═══ Records to use ═══

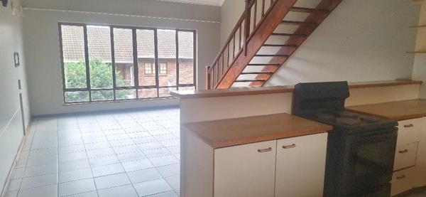 Downstairs is a tiled open plan lounge with fitted kitchen and breakfast bar.
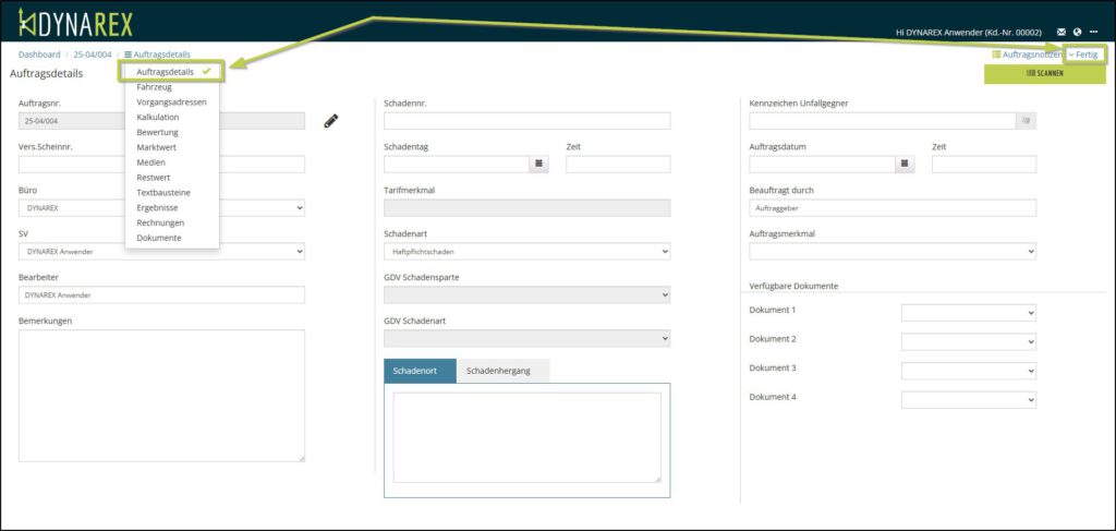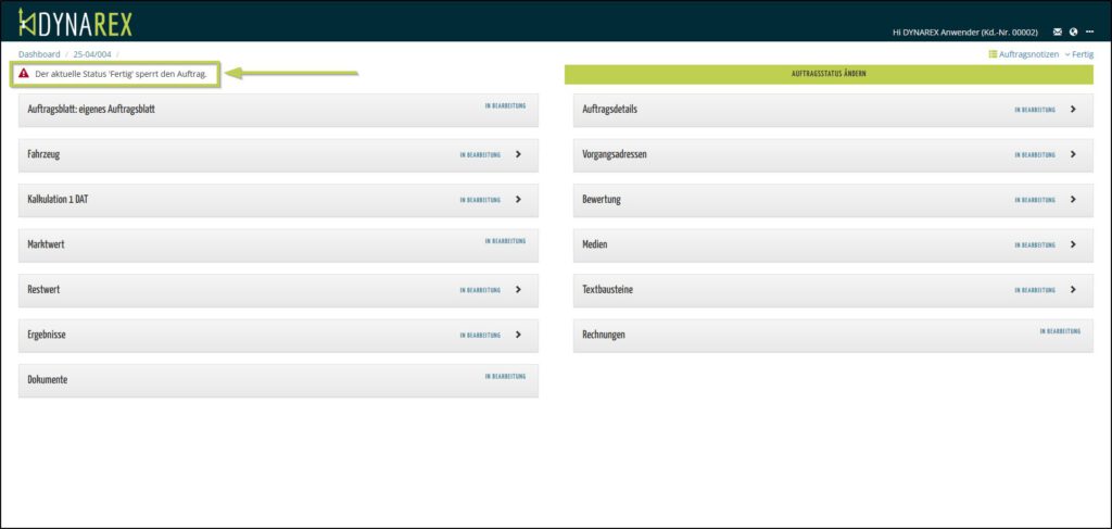 Wählen Sie den Auftragsstatus Fertig aus, wird der Auftrag für die weitere Bearbeitung gesperrt:
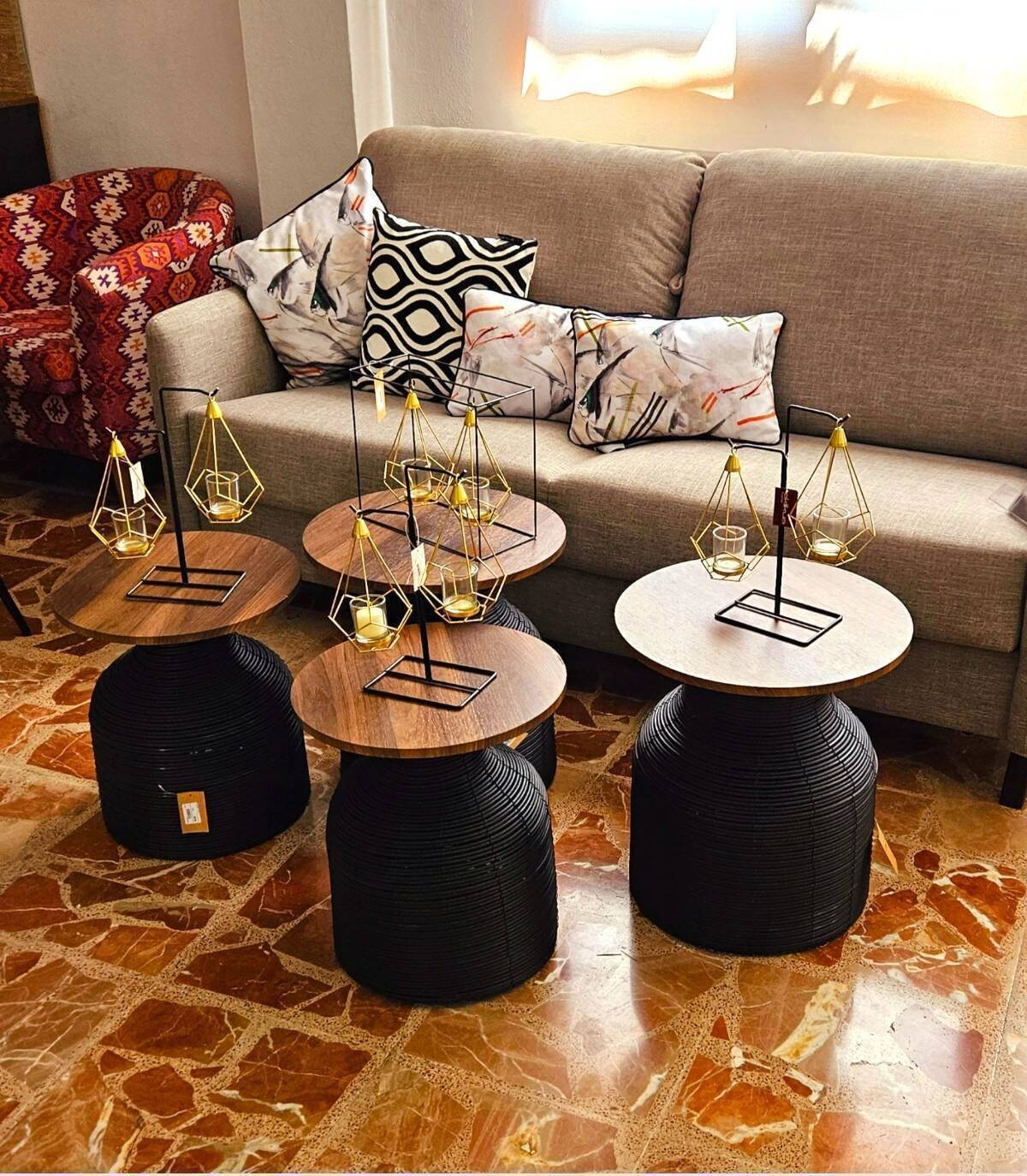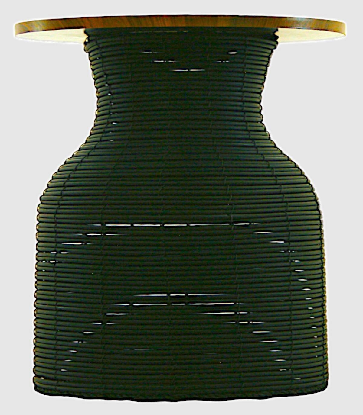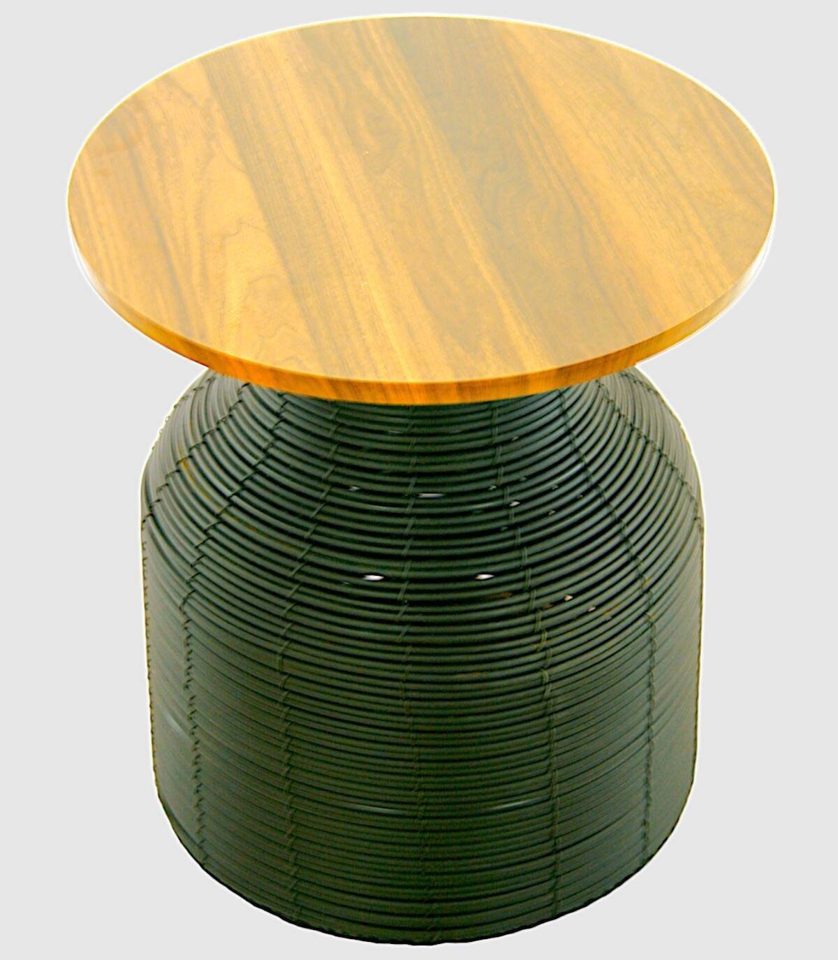 Black rattan table with large wooden top, This elegant black coffee table with natural wood top is a versatile and attractive piece for any living room. Made with high-quality woven rattan, it perfectly combines the beauty of plant fiber with the solidity of wood. Its simple but sophisticated design adapts to a wide range of decorative styles, from rustic to modern. The table measures approximately 45cm high and 40cm in diameter, providing generous space to place magazines, books, drinks or any other decorative accessories. In addition to its aesthetic appeal, this coffee table is incredibly durable and easy to clean, making it a practical investment for your home. Whether you use it as a centerpiece or as a side table, this black table with natural wood top will add a touch of elegance and warmth to your living space.
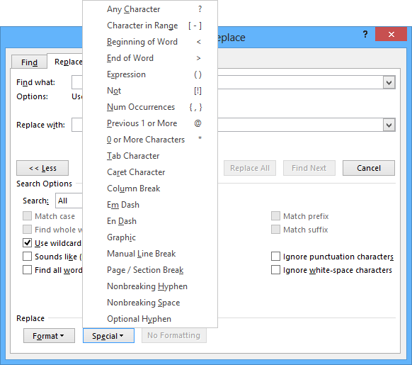 在“特殊”弹出菜单上,单击通配符,然后在“查找内容”框中键入任何附加文字
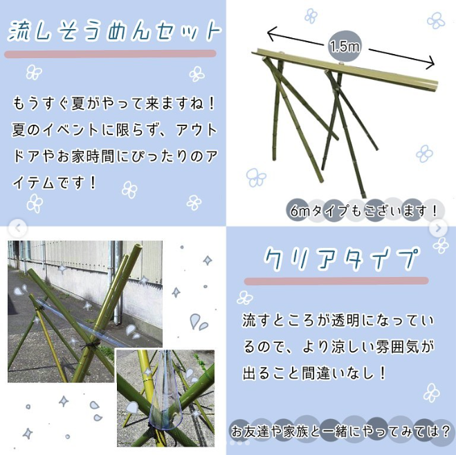 夏のイベントを盛り上げる鉄板アイテムといえば「流しそうめん」。しかし、竹の準備や衛生管理に悩む担当者様も多いのではないでしょうか。
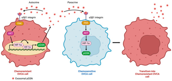 - Asare-Werehene, M.; Nakka, K.; Reunov, A.; Chiu, C.-T.; Lee, W.-T.; Abedini, M.R.; Wang, P.-W.; Shieh, D.-B.; Dilworth, F.J.; Carmona, E.; et al. The Exosome-Mediated Autocrine and Paracrine Actions of Plasma Gelsolin in Ovarian Cancer Chemoresistance. Oncogene 2020, 39, 1600–1616. [Google Scholar] [CrossRef]
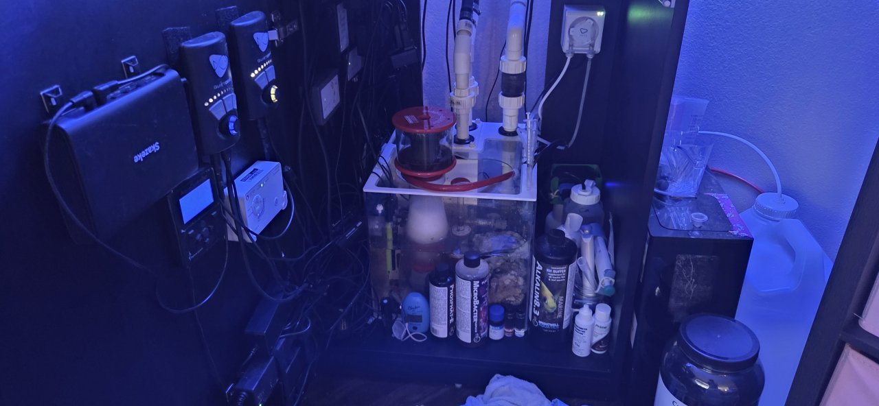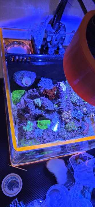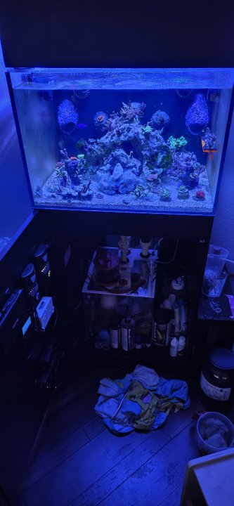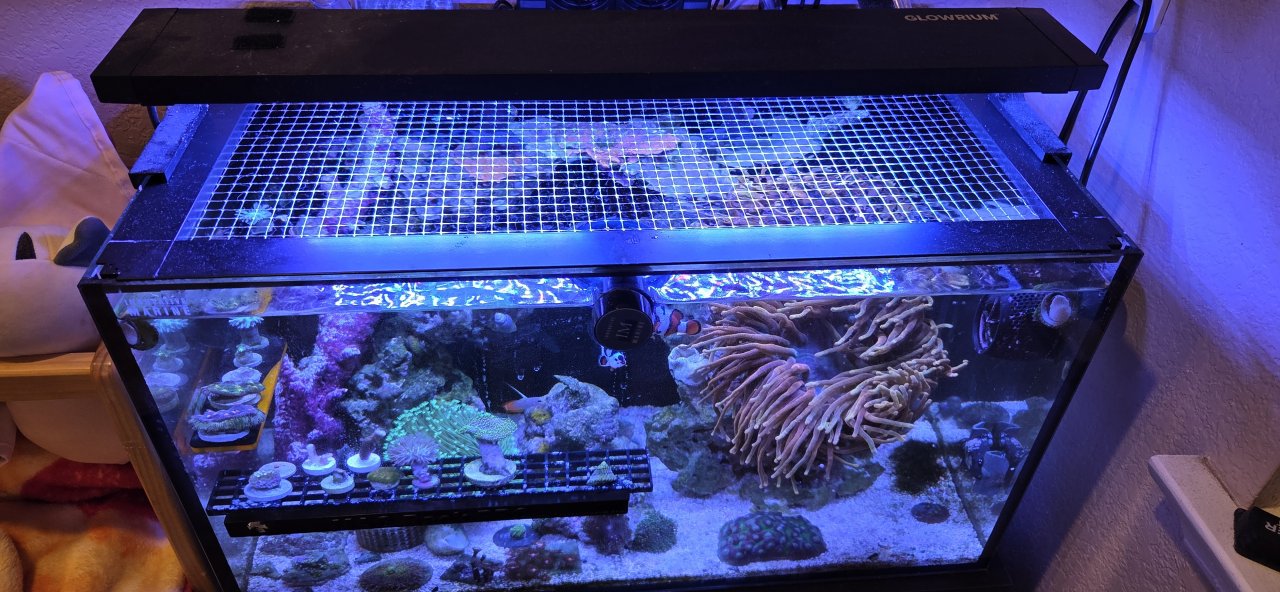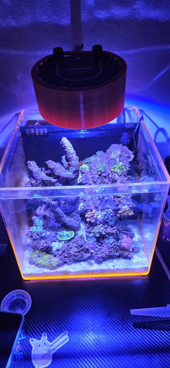 I am a relatively new reefer, around 2.5 years! And suffering from MTS. Currently running a 32g Fiji Cube EXT SPS dominant system as my main display. Innovative marine 20 AIO for my high end nem and random frags, Innovative Marine 15 AIO for soft coral, macroalgae, and a mangrove, and Deskmate 4.8 for a zoa garden and some other random coral.
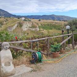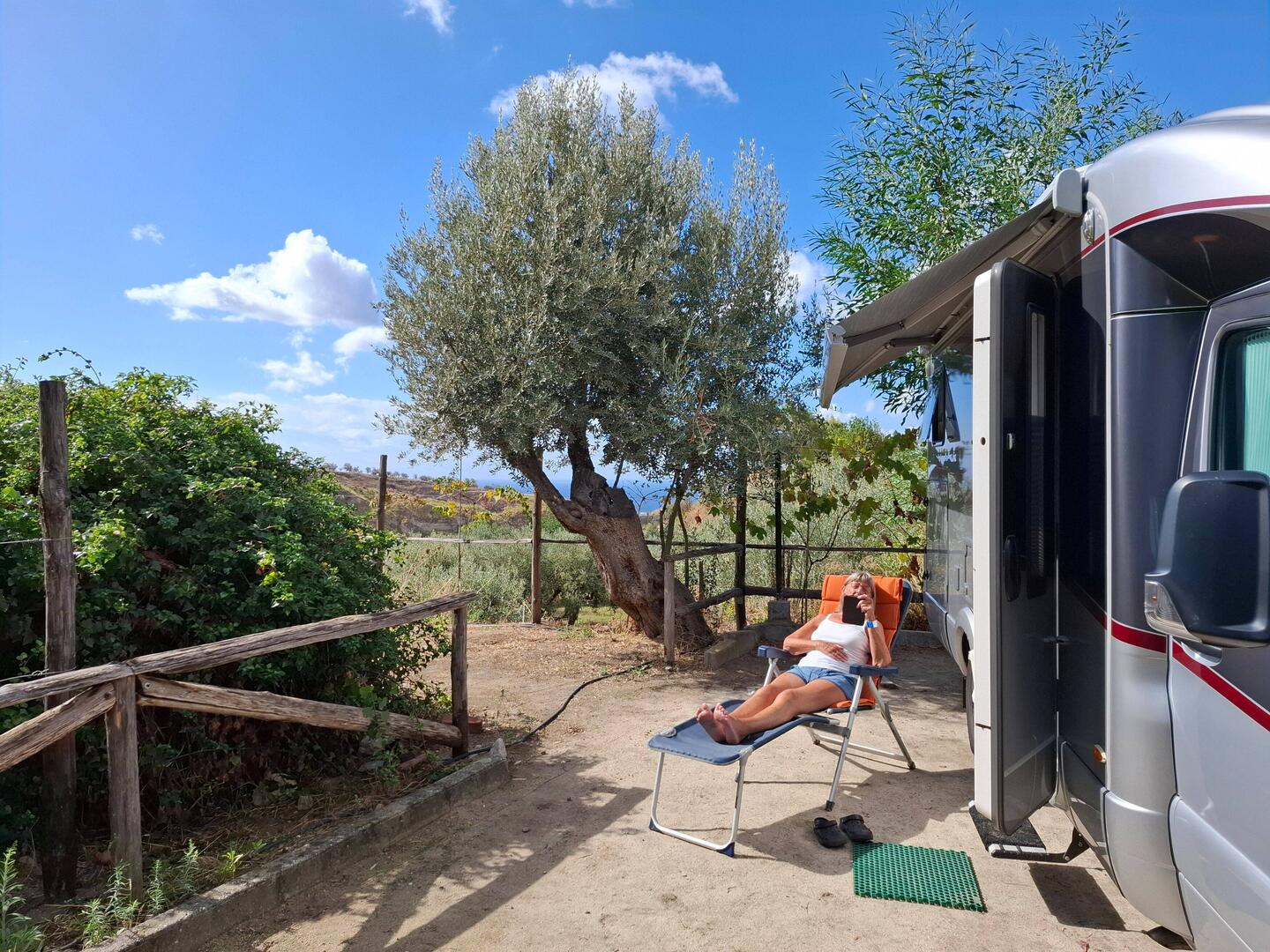 Ab Reggio Calabria schlängelte sich ein Sträßchen zum Agriturismo Rudì rauf. Wir hatten schon des öfteren nach Agriturismo geschaut, oft mit überzogenen Stellplatzgebühren und teuren Menüs. Hier kostet der Stellplatz 20 Euro plus 3 Euro Taxe, auf die 4 Euro für Strom haben wir verzichtet. Nach den euphorischen Bewertungen in park4night ist der erste Eindruck zurückhaltend, was sich allerdings später neutralisiert hat. Passt schon... 😉
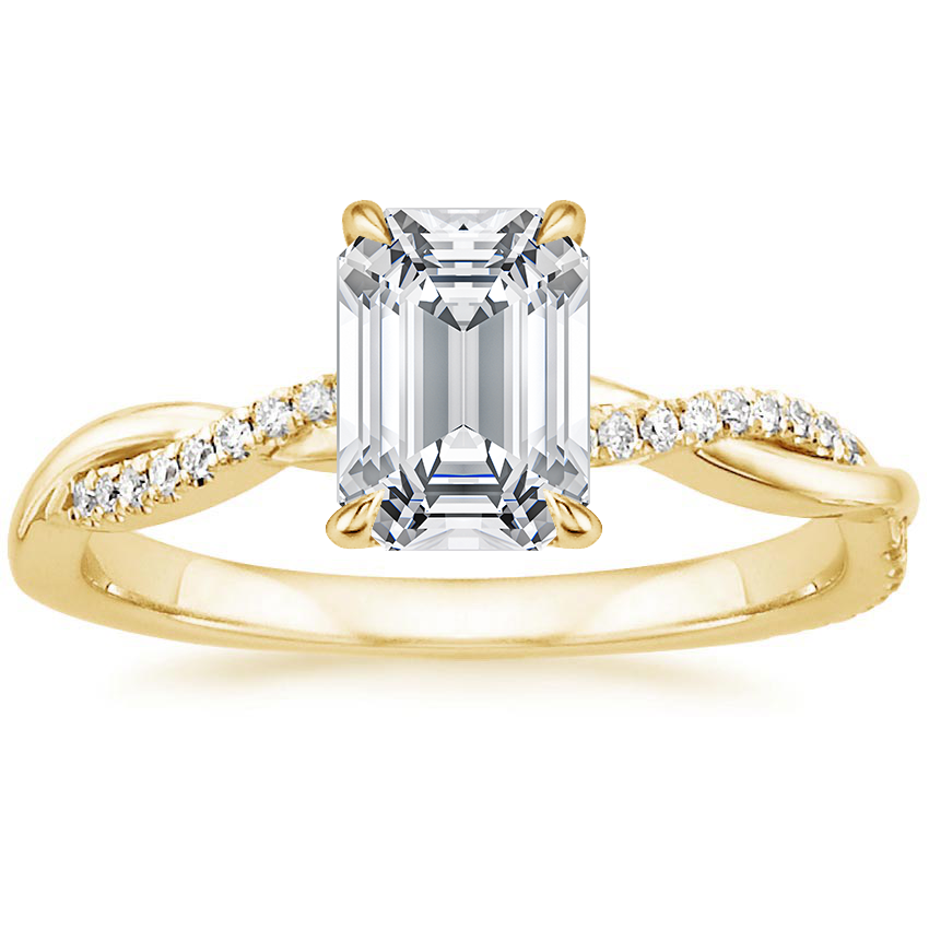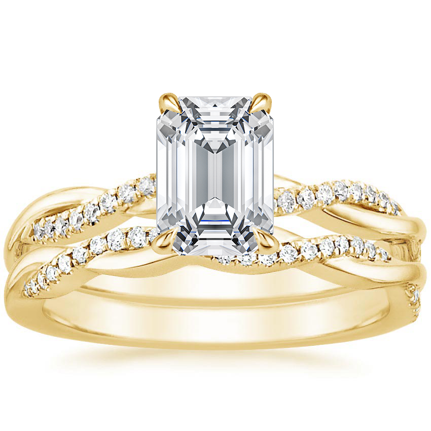 18K Yellow Gold Petite Twisted Vine Diamond Bridal Set (1/4 ct. tw.) with 0.92 Carat Emerald Diamond

═══

▶ Exercise prompt: Write out every record above exactly as it stands, but leave out the pictures.

▶ Solution:
 Downstairs is a tiled open plan lounge with fitted kitchen and breakfast bar.
 Wählen Sie den Auftragsstatus Fertig aus, wird der Auftrag für die weitere Bearbeitung gesperrt:
 Black rattan table with large wooden top, This elegant black coffee table with natural wood top is a versatile and attractive piece for any living room. Made with high-quality woven rattan, it perfectly combines the beauty of plant fiber with the solidity of wood. Its simple but sophisticated design adapts to a wide range of decorative styles, from rustic to modern. The table measures approximately 45cm high and 40cm in diameter, providing generous space to place magazines, books, drinks or any other decorative accessories. In addition to its aesthetic appeal, this coffee table is incredibly durable and easy to clean, making it a practical investment for your home. Whether you use it as a centerpiece or as a side table, this black table with natural wood top will add a touch of elegance and warmth to your living space.
 在“特殊”弹出菜单上,单击通配符,然后在“查找内容”框中键入任何附加文字
 夏のイベントを盛り上げる鉄板アイテムといえば「流しそうめん」。しかし、竹の準備や衛生管理に悩む担当者様も多いのではないでしょうか。
 - Asare-Werehene, M.; Nakka, K.; Reunov, A.; Chiu, C.-T.; Lee, W.-T.; Abedini, M.R.; Wang, P.-W.; Shieh, D.-B.; Dilworth, F.J.; Carmona, E.; et al. The Exosome-Mediated Autocrine and Paracrine Actions of Plasma Gelsolin in Ovarian Cancer Chemoresistance. Oncogene 2020, 39, 1600–1616. [Google Scholar] [CrossRef]
 I am a relatively new reefer, around 2.5 years! And suffering from MTS. Currently running a 32g Fiji Cube EXT SPS dominant system as my main display. Innovative marine 20 AIO for my high end nem and random frags, Innovative Marine 15 AIO for soft coral, macroalgae, and a mangrove, and Deskmate 4.8 for a zoa garden and some other random coral.
 Ab Reggio Calabria schlängelte sich ein Sträßchen zum Agriturismo Rudì rauf. Wir hatten schon des öfteren nach Agriturismo geschaut, oft mit überzogenen Stellplatzgebühren und teuren Menüs. Hier kostet der Stellplatz 20 Euro plus 3 Euro Taxe, auf die 4 Euro für Strom haben wir verzichtet. Nach den euphorischen Bewertungen in park4night ist der erste Eindruck zurückhaltend, was sich allerdings später neutralisiert hat. Passt schon... 😉
 18K Yellow Gold Petite Twisted Vine Diamond Bridal Set (1/4 ct. tw.) with 0.92 Carat Emerald Diamond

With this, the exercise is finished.